Luciana vive ad Anguillara, lavora in fabbrica ed è sposata con Stefano, disoccupato cronico pieno di idee multimilionarie ma refrattario all’idea di “stare sotto padrone”. Da tempo desiderano un figlio che non arriva, ma quando il loro sogno si avvera il datore di lavoro di Luciana si rifiuta di rinnovarle il contratto “a tempo determinato”, vista la gravidanza in corso. Antonio è un poliziotto veneto trasferito ad Anguillara con disonore e accolto con scherno dai colleghi. Appena arrivato si confronta con le peculiarità del paese, a cominciare dai ripetitori che trasmettono la messa dai citofoni e dai lavandini di casa (insieme a una serie di radiazioni pericolose). Il suo è un percorso di espiazione costellato dalle punizioni del capo e le mortificazioni dei compagni di pattuglia.
Fin dalla descrizione dei due protagonisti paralleli, Gli ultimi saranno ultimi mostra come la sua storia potrebbe sconfinare ogni momento in farsa o in tragedia, e infatti la narrazione cammina in bilico su questo crinale, in quella tradizione del cinema italiano che attinge alla realtà e al carattere nazionale per declinarsi in tutte le sue sfumature tragicomiche. Scritto e diretto da Massimiliano Bruno, Gli ultimi saranno ultimi nasce come pièce teatrale ma nella trasposizione cinematografica attinge alla luminosità morbida e clemente della provincia laziale, allargando lo spazio a molti caratteri riconoscibili: gli amici, i vicini, la single “collezionista”, la poliziotta goffa e sfortunata, la guardia giurata affettuosa (e quella letargica), l’apprendista ambiziosa (più per disperazione che per vocazione). Ognuno brilla grazie a una scrittura precisa e credibile, e all’interpretazione esatta ed empatica di un cast di ottimi caratteristi: la deliziosa poliziotta Maria Di Biase, gli amici Silvia Salvatori, Emanuela Fanelli, Giorgio Caputo e Marco Giuliani. Bravissimi anche Diego Ribon nei panni di un sindacalista da prendere a ceffoni, Duccio Camerini padrone di casa e Francesco Acquaroli padrone delle ferriere, Ariella Reggio mamma di Antonio.

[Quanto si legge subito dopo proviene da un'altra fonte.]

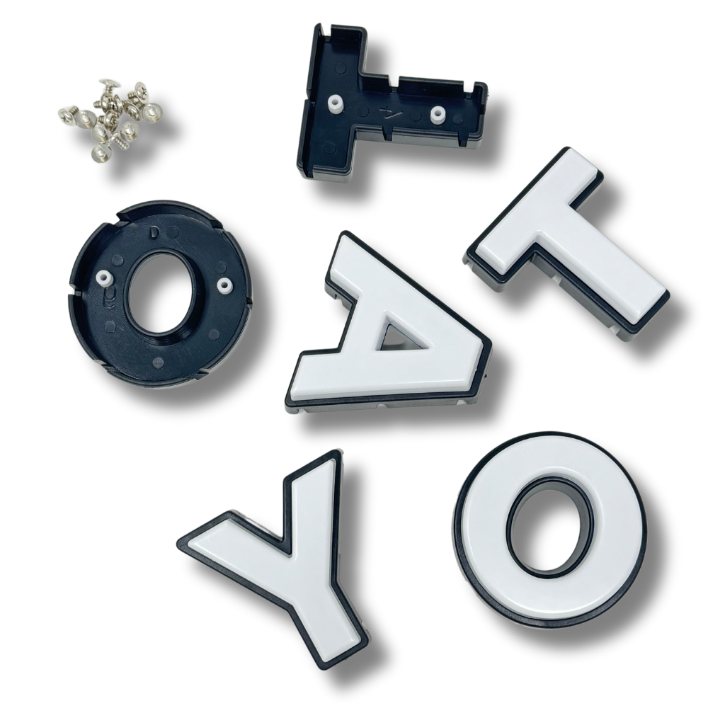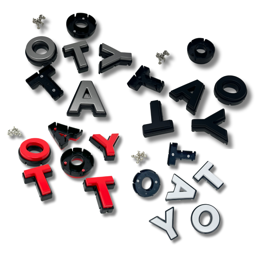 Choose from four vibrant colors to customize your Tacoma's appearance to match your style. Each letter is designed to screw in individually, ensuring a secure fit. Please note that these letters are compatible with grilles that feature four screws for installation.

Ovviamente la parte del leone va a Paola Cortellesi (Luciana), perfetta come sempre: tenera, stressata, commovente, buffa, patetica. Le tiene testa uno straordinario Alessandro Gassmann (il marito Stefano) che dà prova inconfutabile, con apparente leggerezza, della sua raggiunta maturità d’attore, e della sua capacità tutta italica (parliamo di commedia all’italiana) di essere insieme gaglioffo e gagliardo. Fabrizio Bentivoglio fa più fatica a risultare credibile nella sua volontà programmatica di calarsi nei gesti e nell’accento del poliziotto Antonio, ma rende bene la gravità del personaggio. Accanto a loro Stefano Fresi e Ilaria Spada lasciano come al solito il segno, e Irma Carolina di Monte interpreta con precisione forse il personaggio più originale del film. Vale la pena dettagliare il lavoro degli attori perché la regia è completamente al loro servizio, ne segue i movimenti interiori ed esteriori, resta loro addosso: nella scena della conversazione al ristorante la cinepresa pare un bambino che cerca di non perdersi neppure una parola, neppure una smorfia di quello che dicono i grandi.
Gli ultimi saranno ultimi racconta con strazio e partecipazione, ma anche con umorismo e levità, le vicende di un gruppo di italiani del presente stretti fra la crisi e la necessità di negarla, strozzati dalla paura e la vergogna, sempre più limitati nelle loro possibilità e nei loro margini di scelta. Persone che non riescono più a vedere ciò che sta davanti ai loro occhi, che prendono derive deleterie senza nemmeno rendersene conto, che vedono la loro dignità costantemente sotto attacco e tentano di difenderla come possono. Persone stanche, che smettono di essere ragionevoli e sbroccano o, peggio ancora, vanno lentamente alla deriva. Bruni le racconta con una delicatezza che si tiene al di qua della melensaggine e del melodramma (anche se alcune sottolineature musicali sono davvero esagerate) e gradualmente ci leva la pelle, lasciandoci scoperti, nudi davanti a ciò che siamo diventati, ognuno macchiandosi di piccole e grandi nefandezze. E racconta senza peli sulla lingua alcune grandi verità contemporanee, prima fra tutte quella che “senza il lavoro si puzza”, e che homo sine pecunia est imago mortis: laddove homo sta per “essere umano”, maschio e femmina. (Paola Casella, Mymovies.it – voto 3,5/5)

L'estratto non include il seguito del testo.